In this repository, we provide a unified way to generate tasks based on datasets. Currently, we support the following five task types:

Load tasks

To load a specific task, simply call:

from TAGLAS import get_task
# Load default node-level task on cora
task = get_task("cora_node", "default")
# Load subgraph_text edge-level task on pubmed and val split
task = get_task("pubmed_link", "subgraph_text", split="val")

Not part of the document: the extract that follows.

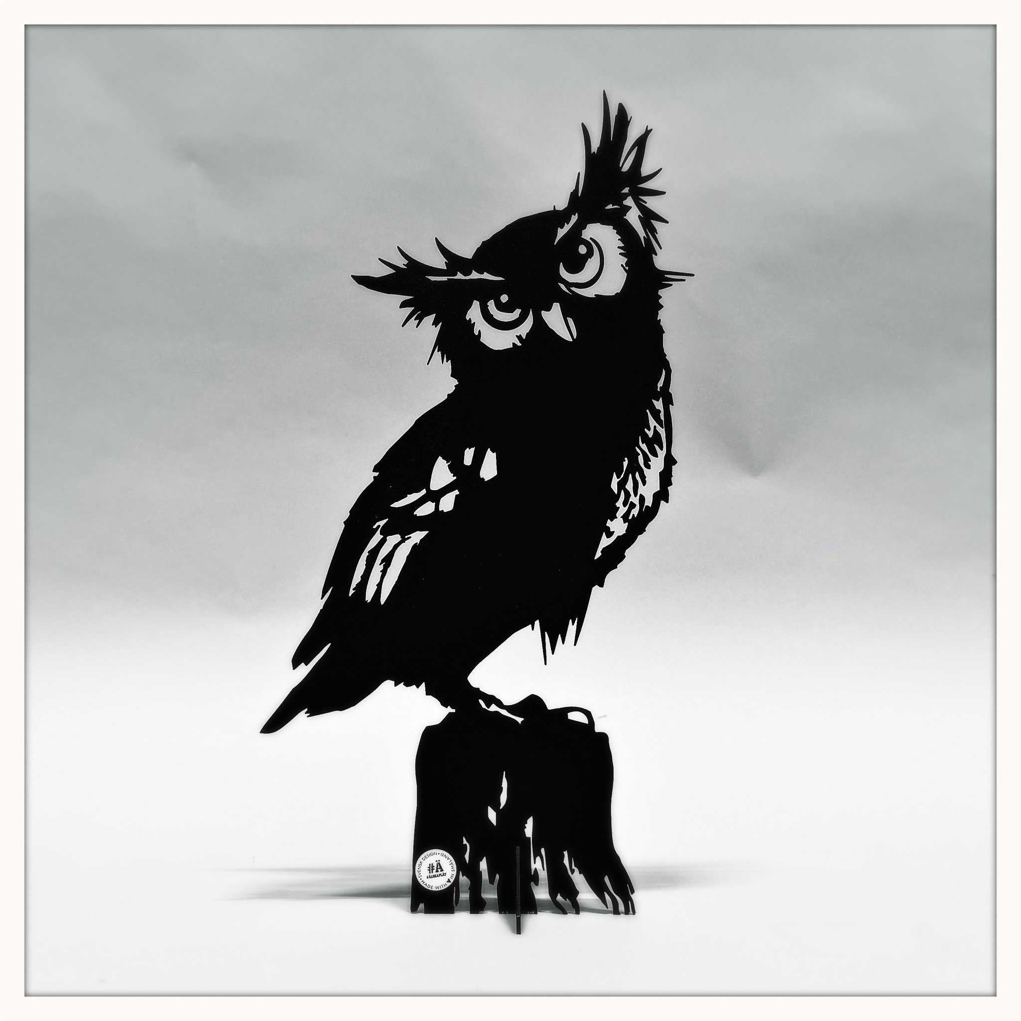 Ugglan hos oss är dock skarpsynt dygnets alla timmar och står sig fint i varje hus och hem på sin lilla stubbe. Lättplacerad på en skänk eller i fönster så vakar den vackert med stor trygghet och vaksamhet.

Similarly, you can load multiple task at the same time:

from TAGLAS import get_tasks
# Load QA tasks on all datasets.
tasks = get_tasks(["cora_node", "arxiv", "wn18rr", "scene_graph"], "QA")
# Specify task type for each dataset.
tasks = get_tasks(["cora_node", "arxiv"], ["QA", "subgraph_text"])

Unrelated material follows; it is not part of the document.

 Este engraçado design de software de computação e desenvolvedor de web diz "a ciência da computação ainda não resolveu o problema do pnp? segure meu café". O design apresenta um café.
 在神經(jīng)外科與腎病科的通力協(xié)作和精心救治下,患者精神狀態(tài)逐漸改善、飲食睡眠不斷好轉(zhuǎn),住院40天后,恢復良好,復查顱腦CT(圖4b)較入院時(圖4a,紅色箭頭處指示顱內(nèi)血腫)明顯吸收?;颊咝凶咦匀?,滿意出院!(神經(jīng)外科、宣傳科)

By default, all generated tasks will not be saved. For fast loading and repeat experiments, you can save and load the generated tasks by:

from TAGLAS import get_task
# save_data will save the generated task into corresponding folder. load_saved will try to load the saved task first before generate new task.
arxiv_task = get_task("arxiv", "subgraph_text", split="test", save_data=True, load_saved=True)
# In defualt, the saved task file will be named by used important arguments (like split, hop...). You can also specify it by yourself:
arxiv_task = get_task("arxiv", "subgraph_text", split="test", save_data=True, load_saved=True, save_name="your_name")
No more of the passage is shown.